Despite irregular breathing at end inspiration, it is feasible to perform motion-compensated image reconstruction (MCIR) (Manber et al., 2016) or event-by-event respiratory motion correction (Ren et al., 2017) using full PET data and MR-based motion models. Manber et al. demonstrated the performance of MCIR using a motion model derived from 2D multi-slice GRE, assuming the non-rigid registrations (NRR) worked perfectly; however, occasional registration errors may occur if MR data are severely contaminated by irregular breathing patterns. Since irregular breathing can prevent an accurate MR-based 3D respiratory motion model at the end-inspiration phase, the impact of irregular breathing patterns on motion modeling should be evaluated. Similar limitations (accuracy of NRR and impact of irregular breathing patterns on motion modeling) are found in the work of Ren et al., since the positional translation of an internal organ or tumor during respiration was initially determined from uncorrected phase-gated PET images whose artifacts may be considerable due to irregular breathing patterns. Therefore, it is necessary to provide a clinical evidence for the efficiency and robustness of MCIR by investigating the impact of irregular breathing patterns on MCIR and comparing the lesion uptake and detectability of MCIR to that of the current clinical implementation such as PET_Q.

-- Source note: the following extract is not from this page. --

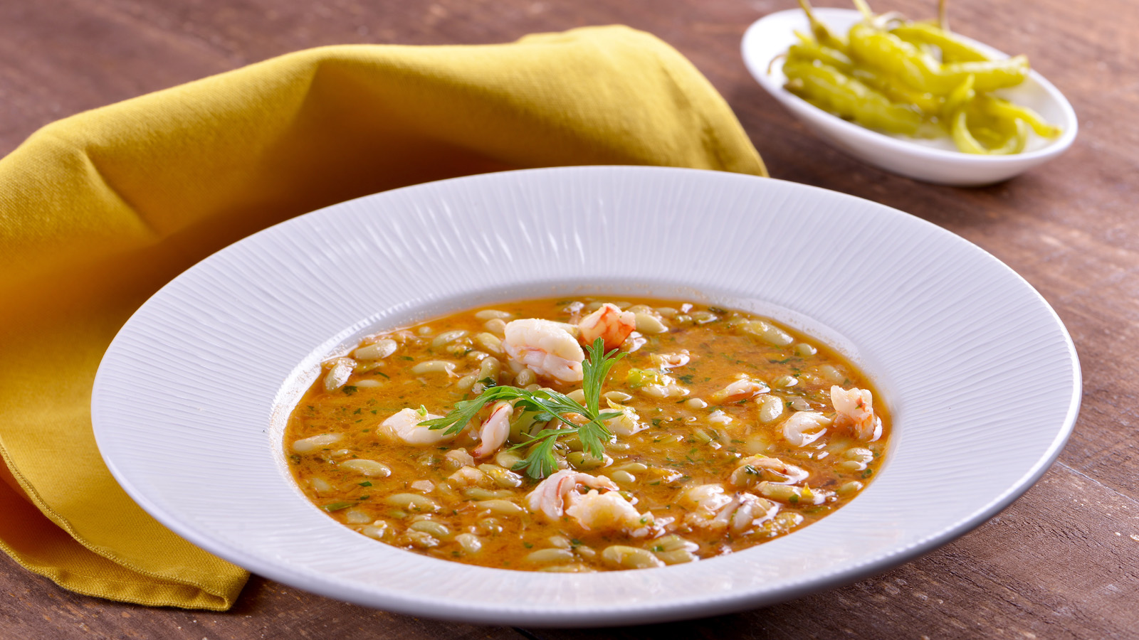 Verdinas con langostinos
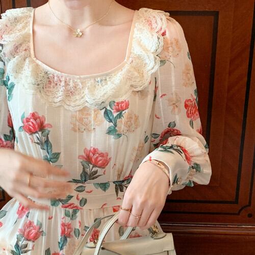マキシワンピース レディース ロング丈 長袖 Aライン 花柄 着痩せ きれいめ ホワイト 夏 20代 30代 40代 くすみカラー RB-R3-06-SA04-0061

The limitation of this study is that there was no ground truth for PET_Q attenuation correction. For example, CTAC-derived μ-maps could be ground truth as gold standard for evaluating MRAC_PM-CIRCUS-derived μ-maps. However, it would be quite demanding to additionally develop a phase-matched CTAC (CTAC_PM) method for preparing the gold-standard μ-maps. Furthermore, performing non-rigid registration between phase-matched CT and MR data is prone to errors, especially for the soft tissues in the upper abdomen as well as between arms-up (CT) and arms-down (MR) positions that substantially distort this anatomy, and thus would be challenging to be considered reliable. Instead, we chose to use MRAC_PM-Default as sliver standard for the purpose of this study. By comparing MRAC_PM-CIRCUS to MRAC_PM-Default, we were able to specifically evaluate the effect of accelerating the scan time and highlight any differences due to motion management. We considered MRAC_PM-Default as reliable because its implementation is based on the current clinical standard (Dixon-based MRAC) for daily clinical use. However, its limitation is that bone signals with higher attenuation coefficients are not classified correctly. The bone misclassification of Dixon-based MRAC methods has been previously demonstrated not to make quantitatively meaningful changes for lesions not close to bone (Buerger et al., 2012) such as the liver lesions used for this study. We expect adding bone would affect the MRAC approaches similarly without regard to respiratory phase. A potential limitation of this study is that the empirically chosen values (e.g., λ_TV = 0.01 and λ_S = 0.01) might reduce the reproducibility of this study, and thus further efforts might be necessary to optimize the parameters for reproducing this study.

5. Conclusion

We demonstrated that a data acquisition of 30 s achieved phase-matched μ-maps when using specialized CIRCUS data sampling and phase-matched μ-maps improved PET_Q quantification significantly.